Vera Jourova, Vice President of the EU Commission, made a statement after the meeting held in Brussels on the voluntary rules for digital platforms, which the union started to implement to prevent disinformation.

Explaining that new artificial intelligence technologies can offer ways and expressions that increase productivity, Jourova emphasized that they also have a dark side, emphasizing that artificial intelligence presents new risks and negative consequences for the spread of disinformation.

“Advanced chatbots like ChatGPT are capable of creating complex, well-proven content and images in a matter of seconds. Video generators are able to create real-looking pictures of events that never happened.
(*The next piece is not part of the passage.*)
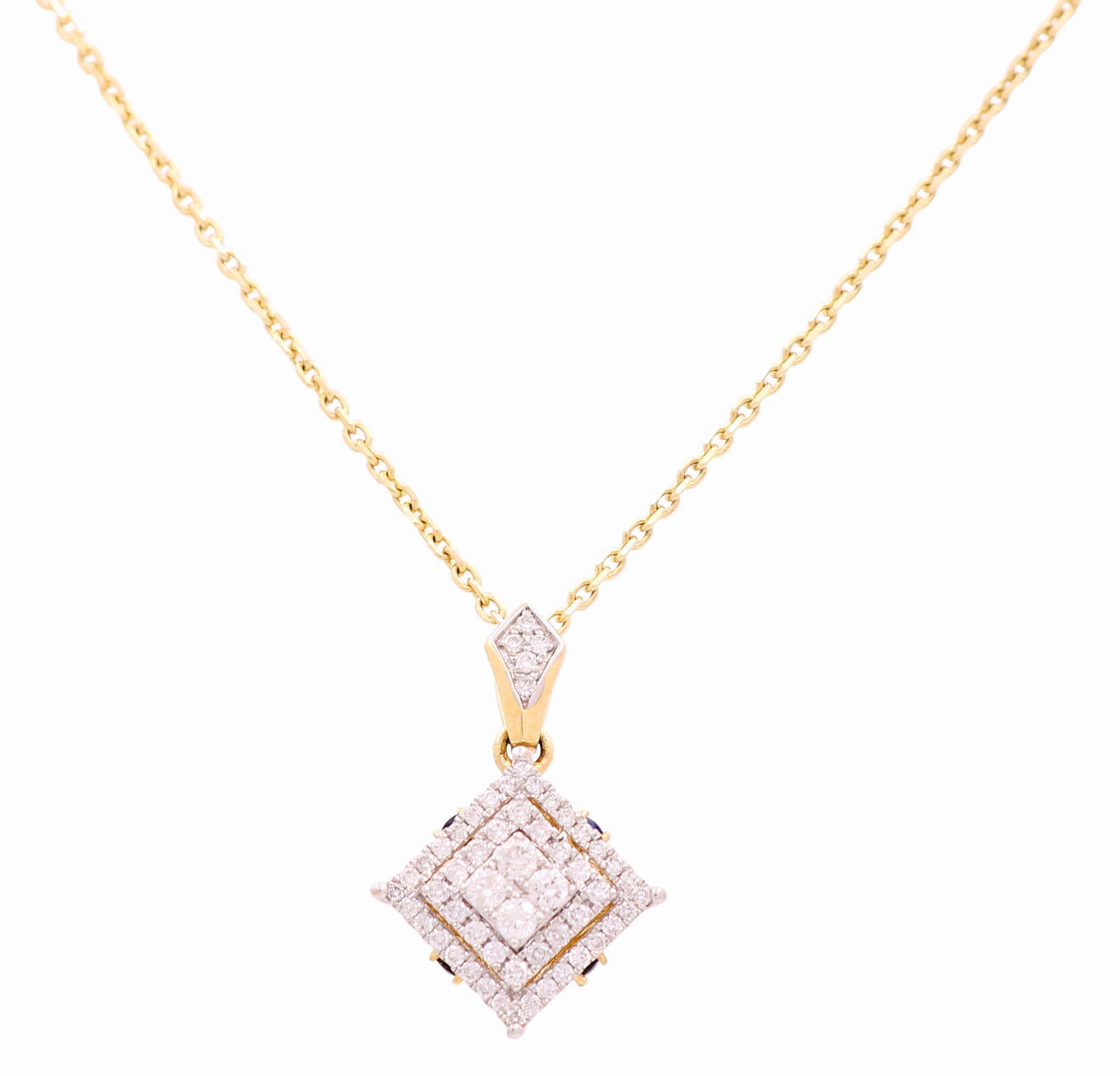 Yellow Gold Necklace with Diamond Pendant 14K with 0.50Tw Round Diamonds and 0.08Tw Round Sapphires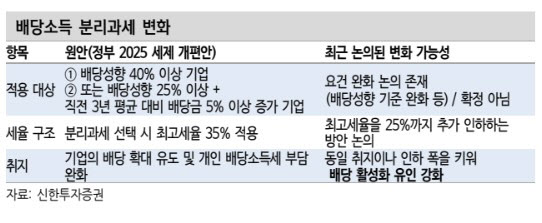 배당소득 분리과세 적용요건 등은 주요 쟁점으로 남아 있다. 정부안에 따르면 배당소득 분리과세 적용 대상은 ‘배당 성향 40% 이상 기업’ 또는 ‘배당 성향 25% 이상이면서 직전 3년 평균 대비 5% 이상 배당을 늘린 기업’이다.

Audio software can mimic a person’s voice based on a sample of a few seconds. ” said.

Pointing out that new technologies pose new challenges in the fight against disinformation, Jourova explained that she demands new rules on artificial intelligence from digital platforms.

Reminding that the current rules do not cover the latest tools of artificial intelligence, Jourova emphasized that service providers in the field of artificial intelligence such as Microsoft and Google should take measures to prevent them from being used for disinformation.

Noting that companies that offer services that have the potential to spread artificial intelligence-generated disinformation must deploy the necessary technology to identify such content and clearly label it to users, Jourova said, “Artificial intelligence content needs to be labeled right now.” said.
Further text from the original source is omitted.